The fair value adjustment reclassifies the property as an investment property rather than a property held for resale following the change in management of the property.
Acquisition related costs
The Group incurred acquisition related costs of £401,491 related to professional fees paid for due diligence, general professional fees and legal related costs. These costs have been included in administrative expenses in the Group’s consolidated income statement.
Effect on Group results of the acquisitions
If both these acquisitions had occurred on 1 April 2015, Group revenue would have been an estimated £16.7m and Group profit before tax would have been an estimated £13.0m. In determining these amounts, management has assumed that the fair value adjustments that arose on the date of acquisition would have been the same if the acquisition occurred on 1 April 2015.
Dering Properties (Sutton) Limited
The acquisition of Dering Properties (Sutton) Limited was made on 17 August 2015. The directors have taken the view that this acquisition had similar attributes to that of an asset purchase rather than a business combination and therefore the value of the asset at the acquisition date amounting to £3,925,000 has been added to the additions within investment properties together with the costs of the acquisition amounting to £104,684.
Acquisition in year ended 31 March 2015
On 26 August 2014 the Group acquired 100% of the share capital of Property Investment Holdings Limited (PIH) for a consideration of £3,613,828. The consideration was satisfied by issuing 1,103,459 ordinary 10p shares at a fair value price of £3.275. PIH is a property investment company which was acquired to expand the Group’s property portfolio.
The acquired subsidiary contributed £4,102,851 to the profit before tax of the Group. If this acquisition had occurred on 1 April 2014, Group revenue would have been an estimated £9.7m and Group profit before tax would have been an estimated £14.4m. In determining these amounts, management has assumed that the fair value adjustments that arose on the date of acquisition would have been the same if the acquisition occurred on 1 April 2014.
Deferred tax asset amounting to £273,029 was recognised as a fair value adjustment at the acquisition date being management’s estimate, based on budgets and forecasts, of the future utilisation of tax losses of approximately £9m that were available to carry forward following the refinancing of the bank loans of the PIH which took place at acquisition. The deferred tax asset was increased to £500,000 at 31 March 2015 as a result of the restructuring of PIH and the repayment of £10m of intra group loans which has resulted in increasing the anticipated future annual profits of PIH.

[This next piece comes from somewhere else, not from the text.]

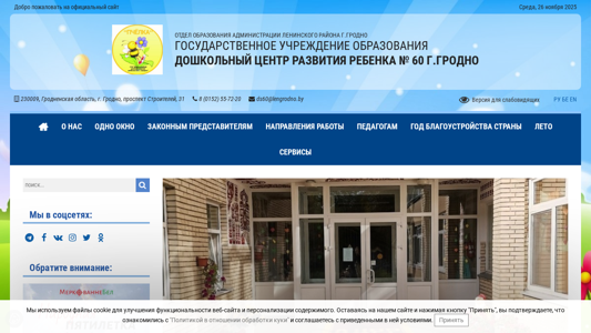 | AI-анализ | This online resource belongs to the official website of the Preschool Development Center for Children No. 60 in Grodno, Belarus. The title of the website is "Дошкольный центр развития ребенка № 60 г.Гродно" and it was last updated on November 26, 2025. The website is a part of the administrative office of the Leninsky District in Grodno City. It is a state educational institution. The address of the center is Prospekt Stryitelei, 31, 230009, Grodno, Grodненskaya oblast'. The contact number is (0152) 55-72-20 and the email address is ds60@lengrodno.by. The website also offers a version for visually impaired |
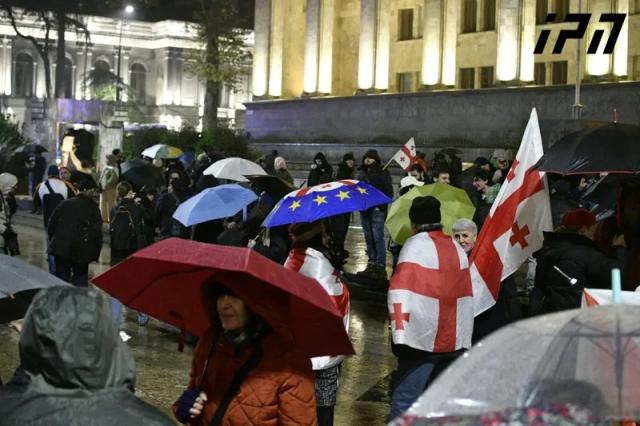 საქართველოს პარლამენტის შენობასთან საპროტესტო აქცია მიმდინარეობს.

No deferred tax has been recognised on the adjustments to fair value as a result of the historical cost of the investment properties exceeding their fair value.
The fair value of the investment properties at acquisition was based on a valuation performed at the time of the acquisition amounting to £32,020,000 obtained from DTZ Debenham Tie Leung Limited less a lease incentive balance which has been included in prepayments amounting to £278,901.
A fair value adjustment to prepayments amounting to £278,901 was made to bring the revenue recognition policy of PIH into line with that of the Group so that the rental income from investment properties leased out under operating leases is recognised in the Income Statement on a straight-line basis over the term of the lease.
Acquisition related costs
The Group incurred acquisition related costs of £638,668 related to professional fees paid for due diligence, general professional fees and legal related costs. These costs have been included in administrative expenses in the Group’s consolidated income statement.
13. INVESTMENT PROPERTIES
Investment properties are stated at fair value as determined by the Directors. The fair value of the Group’s property portfolio is based upon external valuations and is inherently subjective. The fair value represents the amount at which the assets could be exchanged between a knowledgeable, willing buyer and a knowledgeable, willing seller in an arms-length transaction at the date of valuation, in accordance with International Financial Reporting Standard 13. The fair value of each of the properties has been assessed by the directors. In determining the fair value of investment properties, the directors make use of historical and current market data as well as existing lease agreements
As a result of the level of judgement used in arriving at the market valuations, the amounts which may ultimately be realised in respect of any given property may differ from the valuations shown in the statement of financial position.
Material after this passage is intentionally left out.